On Halloween, OBurlesque presented “Creature Feature” at The Cat in the Cream. This event gave student performers an opportunity to craft a routine and dance freely on stage while audience members cheered them on.
Performers were not required to have experience before signing up — if they were interested in doing an act, all they had to do was send a form to OBurlesque. College fourth-year Charlie Kline collaborated with a friend to put on a shadow-casted act based on the musical episode of Buffy the Vampire Slayer. In this episode Buffy dates a vampire, which Kline noted was “very sexy.”
“I mostly just want to do it so that I can talk to people about Buffy, [and] so that people will come up to me and be like, ‘I have also seen and loved Buffy,’” Kline said.
This was Kline’s first time performing with OBurlesque, but they’ve always found the club accessible.
“OBurlesque is so chill that I think it’s just going to be fun, mostly because it’s all my friends in the audience,” Kline said. “I just feel like it’s a very welcoming environment where you can do whatever you want, and people are really supportive.”
Many attend OBurlesque to see friends’ performances, including College third-year Katrina Ganson.
“I [was] particularly excited for Charlie’s Buffy performance, as I am a Buffy fan, and I love when people are experimenting with really fun pop culture references in their drag or their [burlesque] performance,” Ganson said. “I think that it engages the audience in a really fun way because they also have their own associations with the media.”
Some performers include pop culture references and pop songs, but others include classical music, like Conservatory fourth-year Sasha Paris-Carter, who studies composition.
“I love to dress up, and I wanted a space to perform outside of the Conservatory where I could have creative control and still perform at the level that I wanted to without having to adhere to the expectations placed on how you’re supposed to look [while performing] classical music,” Paris-Carter said.
With an act centering Mary Tudor, also known as Bloody Mary, Paris-Carter “let the music do the talking, and the stripping aid the story.”

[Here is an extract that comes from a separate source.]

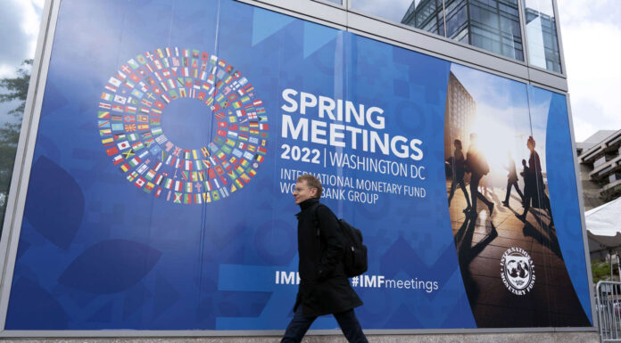 A person walks outside of the International Monetary Fund (IMF) building, during the first day of the World Bank/IMF Spring meetings in Washington, Tuesday, April 19, 2022. - (AP Photo/Jose Luis Magana)

“[Burlesque is] like resistance in this culture that teaches us to be ashamed of ourselves,” Paris-Carter said. “I don’t feel the shame anymore that I used to feel in high school because my body’s become a performance tool. I’ve become curious rather than judgmental [because of OBurlesque].”
OBurlesque invites not only curiosity but also vulnerability in performers and attendees. College third-year and OBurlesque’s media coordinator Z Gutierrez emphasized how OBurlesque is a body positive, consensual space.
“I think that’s a huge part of OBurlesque — want[ing] everyone to be 100 percent comfortable,” Gutierrez said.
At the Halloween show, Gutierrez participated in two group acts, one of which was based on Monster High characters.
“[The idea] started off in Discord,” Gutierrez said. “I was just like, ‘I would kill to do a Monster High Burlesque,’ and then someone else was like, ‘I would so do that with you.’ Then someone else was like, ‘I would love to join,’ so then we ended up with five people. Then we all chatted about which character we wanted to do, which character we felt represented us the most, [and we even] took quizzes. One of us actually had never watched the Monster High movie, so we did a movie night just for some research. Then we just started rehearsing, often [using] the self dance studios in the basement of South.”
Many see the Halloween show as a perfect opportunity to put on story-based acts, which can be funny and surprising.
“Sometimes you feel like you have to hide the fact that you have a body from the general public and that you know what sex is,” Kline said. “So I guess there’s something cool about [OBurlesque] being in this really welcoming environment, and [having the ability to make you think], ‘I do, in fact, have a body [and can be silly with it].”